I think it was firemaiden who once jested that if your cards all come up reversed, maybe you're holding the deck upside down.
Seriously, it might be too soon for you to start using reversals. Then again, maybe not. I think learning reversals is a valid learning process even for readers who wind up not using them. The main reason is, they get you to look at the cards from another angle. That's really all there is to them -- another perspective.
It's like letting the cards play devil's advocate now and then and show you what's out of balance, not quite there, or still needs work.

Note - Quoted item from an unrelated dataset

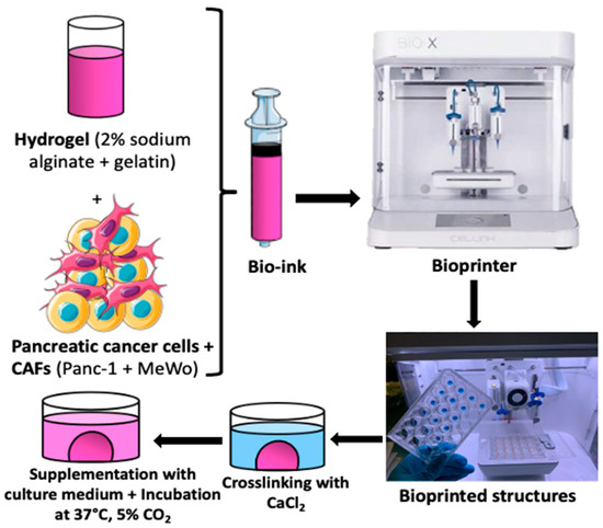 Currently, the development of new drugs is mainly based on the use of two-dimensional (2D) cell culture and animal models. It is obvious that even if the 2D cell culture models have been proven for years, they only partially reflect the tumor complexity, mostly due to its monolayer cell organization [9]. In addition, in vivo animal testing also raises translational concerns. Indeed, the metabolic pathways involved in animals are not the same as those present in humans, which can create differences when molecules are transferred to the clinical phase [13,14]. The three-dimensional (3D) models have been shown to overcome these limitations through the development of organoids, spheroids, human xenografts, and explants [15,16,17]. Lazzari et al. (2018) [18] attempted to integrate human umbilical vein endothelial cells (HUVECs) into PDAC spheroids but failed to form blood vessel-like structures. Kuen et al. (2017) [19] included macrophages in PDAC spheroids, showing their infiltration and adoption of a tumor phenotype. Liu et al. (2021) [20] developed a heterospecific spheroid model to study the interactions between pancreatic tumor cells and stellate cells, simulating the characteristics of CAFs. Other studies, such as those by Lee et al. (2020) [21], used organoid models to reproduce the PDAC tumor microenvironment and observed an increase in cell migration and expression of tumor markers in the presence of stroma. Nevertheless, their engineering still faces challenges in terms of poor reproducibility in size and architecture [22]. Furthermore, there exist in vitro three-dimensional (3D) models derived from patient cells, including patient-derived organoids (PDOs) and patient-derived explants (PDEs). PDOs are three-dimensional structures cultivated from tumor cells isolated from patients, while PDEs consist of segments of whole tumor tissue that are directly obtained from patients and subsequently cultured in an in vitro environment. PDOs, for example, offer a closer approximation of the patient’s tumor with respect to genetic and phenotypic characteristics, rendering them highly valuable for personalized medicine approaches. Conversely, PDEs preserve the tissue architecture and microenvironment, facilitating the investigation of tumor–stroma interactions within a more natural context. Both PDOs and PDEs surpass traditional cell line models by maintaining the heterogeneity of the tumor, which is essential for comprehending treatment responses and resistance mechanisms. Additionally, these models can be employed for high-throughput drug screening, yielding more reliable and predictive data for preclinical assessments; however, they necessitate prolonged cell culture periods and present challenges in accessibility compared to immortalized cell lines. The effort to constantly improve cancer models has turned to the 3D bio-printing technique in the last decade [13,23,24]. This technique allows for overcoming the issues encountered in the development of classical 3D models by providing complete control over the size, architecture, and composition of the synthesized tumor mass [25,26]. Extrusion-based 3D bio-printing is mostly used as it enables (i) the deposition of multiple or selected cell types and (ii) working in compatible laboratory workflows, thus building multimaterial multicellular 3D models that reproduce physiological features of the tumor. The potential of extrusion bio-printing to recreate the tumor microenvironment within in vitro models has been recently reviewed by Flores-Torres et al. (2023) [27]. The focus of 3D bio-printing has been almost exclusively on breast, ovarian, and brain cancers [28,29,30,31,32,33,34]. Only a limited number of 3D bio-printing models of PDAC have been reported so far. A laser-assisted bio-printing model comprising different lineages of pancreatic cells turned out to be an attractive 3D cell model for studying the tumorigenesis of PDAC [9]; another report by Langer et al. (2019) [35] addressed extrusion-based bio-printing using patient-derived xenograft-derived PDAC. The authors demonstrated that patient-derived PDAC bio-printed tissues can recapitulate aspects of neoplastic tissues in vivo. The recent study by Sgarminato et al. (2023) [36] proposed an original approach to creating a 3D model of PDAC using melt electrowriting and conducted a layer-by-layer deposition of different cell types without mixing them together before the deposit. Many more studies performed by 3D bio-printing were reported in the context of dysfunction of the endocrine part of the pancreas, causing diabetes [37,38]. One of the best models describing the generation of the PDAC model by bio-printing is the one built by Hakobyan et al. (2020) [9], and it is restricted by its monoculture with only pancreatic cells, creating a lack of interaction with other cells of the microenvironment. To the best of our knowledge, only one work describes the bio-printing by extrusion of pancreatic and fibroblasts for PDAC. This work describes a process developed to generate PDAC models by bio-printing cell-laden gelatin methacryloyl (GelMA) hydrogel beads through dot extrusion printing [39]. The cells used in this work were the human pancreatic cancer cell line (BxPC-3) and normal human dermal fibroblast cells (NHDFs) to better mimic the tumor microenvironment. Another alternative is to use direct co-culturing of tumor cells with cancer-associated fibroblasts (CAFs). Such an approach can shorten the fabrication time of relevant tumor models, address different tumor stages, and overall provide a high-throughput platform for anti-cancer drug screening. CAF-enriched models indeed have many similarities with tumors in terms of up-regulated genes, cytokine production, growth factors release, etc. [35,36,37]. A 3D bio-printed model of ovarian cancer cells and myofibroblasts, MeWo (the latter stands for CAFs), was also recently described and characterized [31]. The interesting work of Wei et al. (2

The mistake that seems most common with reversals is a black and white approach. The reader sees cards as negative or positive with no allowance for a card being both, or for the gray area that we know exists in life. I think that as soon as you begin letting yourself see the many shades of gray that can exist in a reading, you'll 1) begin to read with reversals with greater understanding, and 2) eventually realize that you don't have to see the card reversed in order to have that expanded view. At that point, you don't really need to think about reversals anymore.
By the way, two books that I found invaluable in understanding the full spectrum of reversals were Gail Fairfield's
Choice Centered Tarot and Mary K. Greer's
The Complete Book of Tarot Reversals.
Gail Fairfield's approach is to consider upright cards being about external events, forces or influences, and reversed about what's going on inside the querent. In that case, there's really no negative meaning to reversals, any more than with uprights.